Making the case for irrational behavior.

AuthorThompson, Jim
PositionINDUSTRY PERSPECTIVE

As U.S. defense spending decreases from a gush to a trickle, contractors are desperately competing for market share. Programs are being canceled, curtailed and restructured.

Many companies coming off all-time highs over the last decade now find themselves in a declining market. Some are fighting for shareholder confidence, while others are just fighting for survival.

Meanwhile, customers facing an unchanging list of requirements are under pressure to fulfill them with fewer resources. The result is aggressive action on the part of some contractors, which unsuccessful bidders sometimes deem "irrational" behavior.

But is it irrational?

History is riddled with examples in which uninformed and aggressive bid decisions have led contractors down a risky path that ultimately resulted in failure. However, capture managers and executive leadership are now recognizing that aggressive strategies can be very effective, and therefore appropriate and rational, when driven by the right intelligence. An asymmetric strategy requires a detailed understanding of competitors and customers in order to manage risk. In an environment where everyone is trying to gain an edge, there are some contractors who have successfully played to win.

Sometimes, companies will choose to bid a price that is so much lower than the competition that the customer can't help but award the contract to them. This often results in the company executing the program at a loss for a period of time, but it is typically "made well" at a later date via engineering change orders or operations and sustainment work.

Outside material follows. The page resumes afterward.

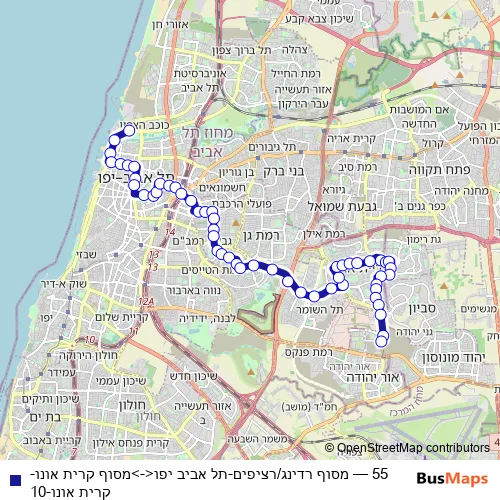 The first stop of the 55 bus route is מסוף רדינג/רציפים and the last stop is מסוף קרית אונו. 55 (מסוף רדינג/רציפים-תל אביב יפו<->מסוף קרית אונו-קרית אונו-10) is operational during כל יום.

The perception within the capture community is that companies tend to buy in only when there is extreme incentive to win, or no other options for survival. This overlooks recent history, which indicates that the rationale for buying in can be quite compelling from an overall business case perspective.

Take the Air Force's aerial refueling tanker competition. While the Northrop Grumman-EADS team offered a technically superior aircraft at a reasonable price, The Boeing Co. recognized that the production contract was an entry point to a larger and more lucrative role as the sole provider for all services associated with the platform. Boeing used this rationale to bid well below EADS. In this case, Boeing took a calculated risk, which it likely justified with a strong business case based on historical customer behavior. This is a decision that is quite rational.